Mówią o nim „żelazny mnich”. To prawdopodobnie jedyny duchowny na świecie, który uczestniczy w najbardziej wyczerpujących zawodach sportowych, jakie rozgrywane są na ziemi - Triathlon Ironman. To 226-kilometrowa trasa, którą zawodnicy pokonują, pływając, biegnąc i jadąc na rowerze. Sylwetkę 57-letniego franciszkanina o. Daniela Callahana zaprezentował kanadyjski tygodnik „The Catholic Register”. O. Callahan od niedawna pracuje w parafii św. Joanny d’Arc w Toronto. Przygotowuje się tutaj do występu w triathlonie, który zostanie rozegrany 28 września.
Uczestnictwo w zawodach dla ironmanów to hobby zakonnika. Na pierwszym miejscu stawia jednak zawsze swoją pracę. Wszystko jest ułożone według właściwej hierarchii wartości. - Moje obowiązki kapłańskie stawiam zawsze przed treningiem - mówi. Pływanie uprawiał już w wieku ośmiu lat. To zresztą na pływalni przeżył nawrócenie. Dziennikarzowi mówił, że głos powołania usłyszał również podczas treningu w wodzie.
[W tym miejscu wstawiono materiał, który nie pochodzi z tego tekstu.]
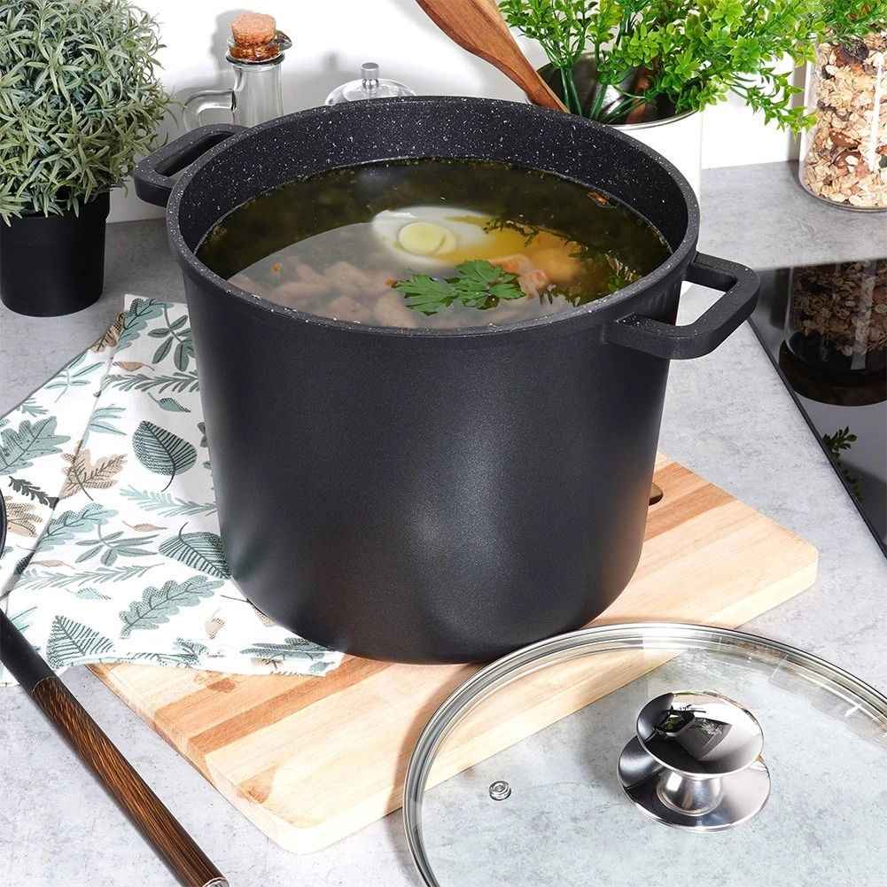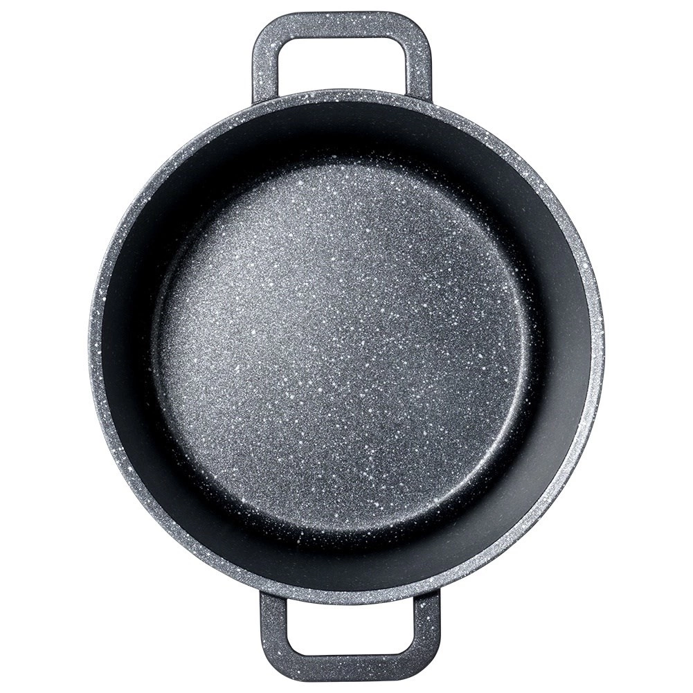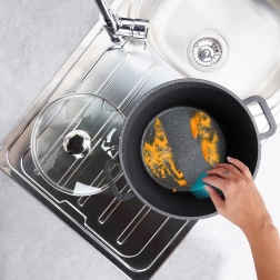 Здравата висока тенджера GRANDE е изработена от устойчив алуминий с вътрешен нелеплив гранитен слой PFLUON, който е устойчив на надраскване и високи температури. Готвенето е бързо, равномерно и енергийно ефективно – идеално за бульони, сосове и еднопотови ястия. Капакът от закалено стъкло с неръждаем ръб и вентилационен отвор позволява контрол на готвенето без излишна загуба на топлина.

Callahan jest znany wśród elitarnej grupy ironmanów. Zawsze przed zawodami odprawia dla nich Mszę św. Służy także pomocą duchową na trasie zawodów. Wielu doprowadził z powrotem do Kościoła. Zbiera też fundusze na różne zbożne dzieła. Startując w zawodach od prawie dziesięciu lat, zebrał już ponad 100 tys. dolarów.